I'm trying to read the string of text from word documents into a List Array, and then search for the word in these string of text. The problem, however, is that the word documents kept on running continuously in the windows background when opened, even though I close the document after reading the text.

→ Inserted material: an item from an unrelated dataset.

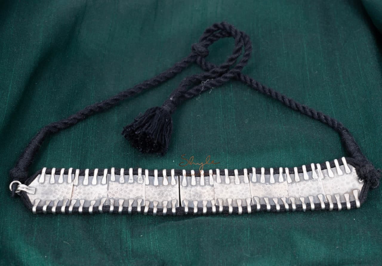 Where modern elegance meets timeless mystery, our Tattva choker transforms your neckline into a canvas of captivating shadows and light. The intricate textured surface creates mesmerizing depth that shifts with every glance, while the sleek silhouette adds instant sophistication to any look. This isn't just jewelry - it's your secret weapon for effortless allure. "Tattva" meaning hidden essence, this choker reveals just enough to leave them wanting more.

Parallel.ForEach(files, file =>
{
    switch (System.IO.Path.GetExtension(file))
    {
        case ".docx":
            List<string> Word_list = GetTextFromWord(file);
            SearchForWordContent(Word_list, file);
            break;
    }
});

static List<string> GetTextFromWord(string direct)
{
    if (string.IsNullOrEmpty(direct))
    {
        throw new ArgumentNullException("direct");
    }

    if (!File.Exists(direct))
    {
        throw new FileNotFoundException("direct");
    }

    List<string> word_List = new List<string>();
    try
    {
        Microsoft.Office.Interop.Word.Application app =
            new Microsoft.Office.Interop.Word.Application();
        Microsoft.Office.Interop.Word.Document doc = app.Documents.Open(direct);

        int count = doc.Words.Count;

        for (int i = 1; i <= count; i++)
        {
            word_List.Add(doc.Words[i].Text);
        }

        ((_Application)app).Quit();
    }
    catch (System.Runtime.InteropServices.COMException e)
    {
        Console.WriteLine("Error: " + e.Message.ToString());
    }
    return word_List;
}
Theodor Zoulias
  • 34,835
  • 7
  • 69
  • 104
  • afaik `Microsoft.Office.Interop` always runs microsoft word in the background. you should use something else if you dont want that happens. to ensure it closed, you can see this [QA](https://stackoverflow.com/a/6777522). you could use NPOI, DocumentFormat.OpenXML (for docx, xlsx, pptx - all openxml format only), and some others as alternative if possible. hope it helps. – Bagus Tesa Mar 18 '22 at 08:02
  • It's your own code that starts multiple instances of Word. When you use Word interop you actually start Word and use COM to talk to it. That's slow. Use a library to read/write Word files instead. `Parallel.ForEach` is misused too. It's only meant for *data* parallelism, not concurrent operations. You can use the [Office Open XML SDK](https://www.nuget.org/packages/DocumentFormat.OpenXml/) directly to read docx files, or use a library like [NPOI](https://github.com/nissl-lab/npoi/wiki/Getting-Started-with-NPOI) – Panagiotis Kanavos Mar 18 '22 at 08:04
  • When you use COM, every call, even property reading, is a cross-process call to Word. Chatty code, including chained property calls, result in far more cross-process calls. A cross-process call is orders of magnitude slower than an in-memory call. If you can't get rid of Word you'll have to write your code in a way that reduces calls eg by caching objects. If you do that you'll get better performance from a single thread than 8 threads inefficiently calling 8 Word instances – Panagiotis Kanavos Mar 18 '22 at 08:08
  • [This SO answer](https://stackoverflow.com/questions/29586919/how-do-i-count-the-number-of-words-in-a-word-document-doc-docx-when-a-user) shows how to retrieve the word count using the [Open XML SDK](https://www.nuget.org/packages/DocumentFormat.OpenXml/), without using Word itself – Panagiotis Kanavos Mar 18 '22 at 08:23

1 Answers1

0

When you use Word Interop you're actually starting the Word application and talk to it using COM. Every call, even reading a property, is an expensive cross-process call.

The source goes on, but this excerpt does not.